# Need a little level-headed advice. :)



## barns1 (Jul 2, 2014)

I have been together with my wife for 19 years and married for 12 years. We have 2 great kids and both of us work, have a nice house, hols etc.

A few years ago I found out that she was getting emotionally very close to a work colleague. At the time she denied that it progressed to a physical relationship. We talked, she ended it, we fixed our problems and we moved on. Great.

I thought that life has been good since - we have had a few little ups and downs but nothing that I saw as significant.

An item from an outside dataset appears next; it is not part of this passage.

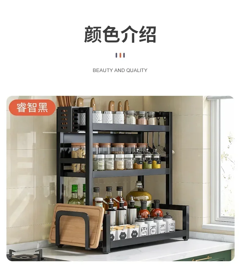 Sturdy Construction: The kitchen countertop organizer is made of heavy-duty steel material with powder coating, durable and easy to clean. The square legs of seasoning rack are thicker and enough strong to load up to 35lb

In recent times she has stated to party a bit harder than I would expect of a married woman - coming in at very late hours. When we are socializing together we get on well, but she has little affection towards me and a lot more affection for other male friends in our group. This makes me feel a little uncomfortable but I have let it pass and never said anything. I am a chilled person in that respect.

Recently she went out with a group of entirely male colleagues and came in very late and very drunk. Again not really a problem, except that if things were the opposite way around and I spent a late/drunk night out with the office girls I would be in trouble!!!!

Shortly after this I decided to confront her about why her affection is focussed elsewhere and that lead to a much deeper discussion where she admitted that she was not happy with our marriage and hasn't been for a while. We talked a lot - my eyes were opened to her feelings (and hers to mine), and we both agreed what was wrong and to agreed to make it right. 

OK - so all good so far, right?

Well she just also admitted that she has a male work colleague who sits 2 metres away and is sending her regular private, non-work related emails. These are mainly fun and she responds - again mainly fun. I am not entirely convinced (given what happened the first time around), that this will not lead to another emotional attachment and/or something else. I was was wondering whether it is fair, as her husband, to ask her to stop. :scratchhead:

Maybe I am just a bit sensitive at the moment?

I have never set any rules in our marriage. Maybe that is my problem?

BTW I love her very much.

Dean.


----------



## syhoybenden (Feb 21, 2013)

Danger!! Danger!!


----------



## Revamped (Jun 19, 2014)

You can ask, sure. Just don't be surprised by an answer of no.

This other dude brings new life to your wife. It's fun and lite-hearted and easy. Something she's not feeling with you. That's the part you need to rediscover with your wife.

If both of you want the marriage to work, both of you need to be all in. And even though she's not necessarily doing anything wrong, it's still a distraction from working on the marriage together.

I don't think that talking/texting in of itself is bad. She can be friends with who she chooses. It's when those friendships mean more to her than the marriage, is when it becomes a problem.

So ask. See where she wants the marriage to go from here.


----------



## razgor (May 8, 2014)

Lots of red flags in that post. First, I think you should do a little investigation to make sure she is being completely honest with you. Staying out with male co-workers, flirting with men, texting co-workers and admitting to being unhappy are all solid warning signs of an affair. Throw in the previous emotional contact (sounds like an Emotional Affair) and you should be on high alert. I would recommend browsing the infidelity section here to find some tips on checking up on her.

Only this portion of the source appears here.